A28 plans to test AT-101 in hepatocellular carcinoma (primary liver cancer) and is going to go with a higher dose since no maximum tolerated dose has yet been determined.
A28 believes it also has an ace in the hole. The company has developed a biomarker assay that is very specific for the LHRH receptors that are found on cancer cells, and they can use the assay to test a cancer biopsy ahead of treatment to see if it has the specific LHRH receptor, thus increasing the likelihood of response to the therapy.
“Looking at patients from the previous Phase 2 trial, we noted a one hundred percent response rate in patients who tested positive on our new assay, says Lewis. “So going into the next trial, we'll use our new biomarker assay to select all the patients that we bring into the trial, and we feel very confident that they will respond to the drug.”
A28 is currently raising a $25 million Series A financing to conduct a Phase 2 clinical trial using the new assay, a higher dose, and targeting hepatocellular carcinoma with the expectation of achieving proof of concept and eventually moving to a registrational trial to garner FDA accelerated approval.
The company is exploring all financing options, including family offices, and high net worth individuals, which Lewis feels is their sweet spot.
“I think that really matters because our message is not just about efficacy, which gets venture capitalists really excited,” he says. “Our message is also about safety. It's also about tolerability. It's about a medication that you can give to patients and have them shrink their tumors, live longer, and tolerate the medicine at the same time. Our vision for our company is a world where we don't fear cancer or its treatments. And often this message will resonate strongly with family offices because they tend to be more balanced between their desire for return and their desire for impact.”

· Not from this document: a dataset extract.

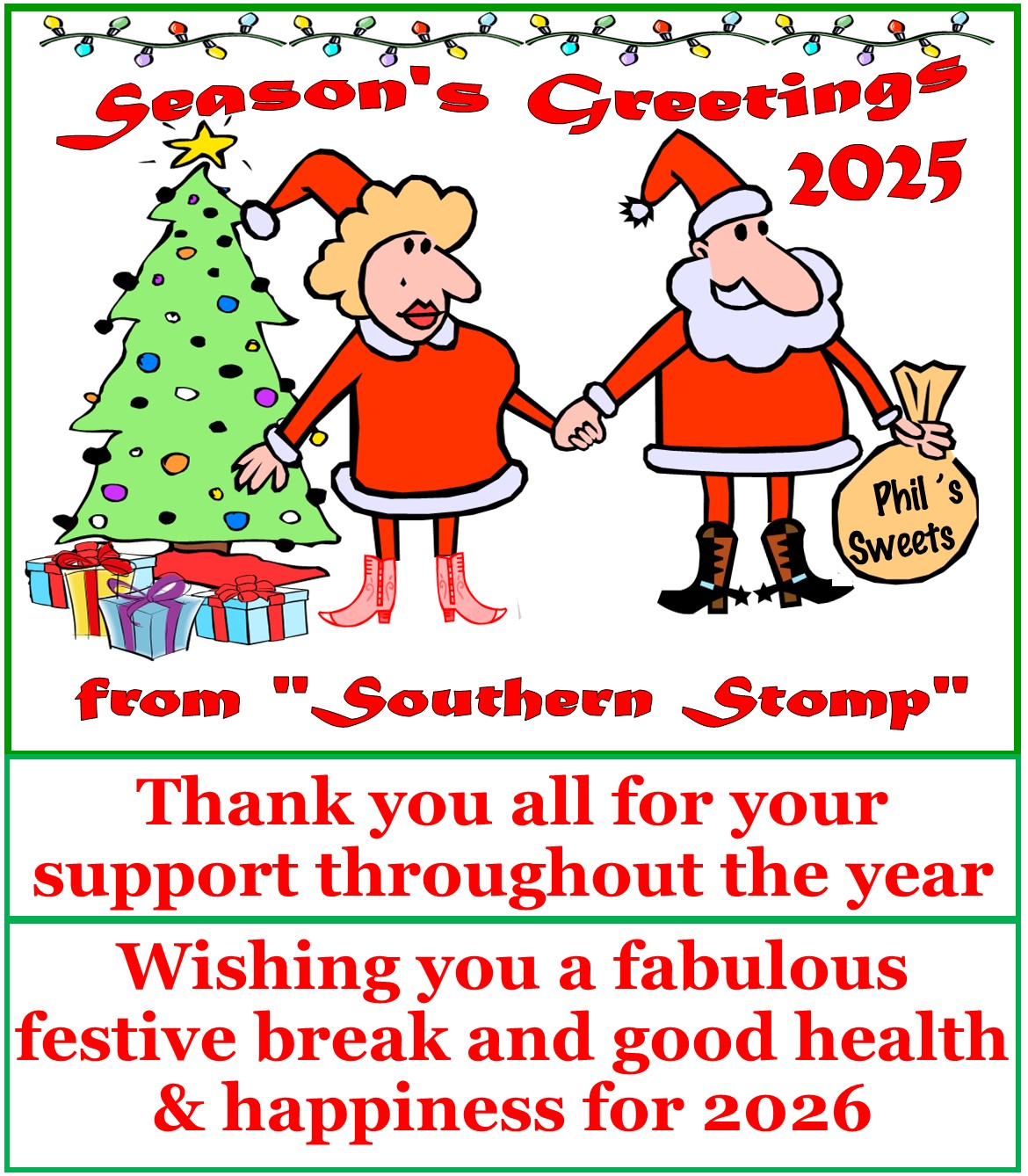 Welcome to “Southern Stomp” Line Dance Club Last updated 20th Dec. '25 [Established 1995] We celebrate our 30th Year as "Southern Stomp" Line Dance Club ~ thank you to everyone who has supported us; some are sadly missed, others now join us for the events and trips having hung up their dance shoes, but all our classes are busy and you continue to support us come rain or shine... many of you have become firm friends and we thank and wish you all the very best. ...the "Southern Stomp" media team... and our Editor in Chief Teddy has updated our Website for Dec. 2025. . …as always a BIG Thank You to everyone for your support throughout the years, it would not be the great fun Club that “Southern Stomp” Line Dance Club has become… Please Remember: If you’re on your own and in need of something collecting or just need to talk – we’re a line dance club and community – just ask… ‘learning the odd dance is just part of what we do’… our details/ contact numbers are on the Contact Page: Best wishes to your respective families (and friends) in 2025 ~ Love Phil & Joy T T T T T

The company is also positioning AT-101 to be an adjunct therapy to immunotherapies even though it has potential as a stand-alone therapy. Lewis says it could be a winning combination. “In our future clinical trials, we will test AT-101 with checkpoint inhibitors,” he says. “It has no overlapping toxicities with other medications that are being given for the treatment of cancer now, including chemotherapies, oncolytic viruses, the ADCs, etc. Our drug appears to play very well in the sandbox with other medications.”
Partnering is another avenue for financing, especially globally, since the company’s lead indication, hepatocellular carcinoma, is an orphan indication in the U.S. but the second leading cause of cancer death in Asia.
A28 recently joined the Bioneex matchmaking platform, primarily because it has partnered with the AI company GATC Health, which analyzes molecules and predicts how they will do in future trials. AT-101 had already scored high on GATC’s platform, and Bioneex suggested that since it already had the AI assessment done, why not list on Bioneex where A28 would be designated as having undergone the AI analysis, which could enhance its visibility to investors. Lewis says the listing is already bearing results.
“At some point we feel very strongly that this is a treatment that should be explored and given the opportunity to demonstrate its potential,” says Lewis. “When you've got the right tumor, the right dose, and you've got an assay that can select the right patients, we are confident in the outcome. And in the process, we can change the paradigms of cancer care.”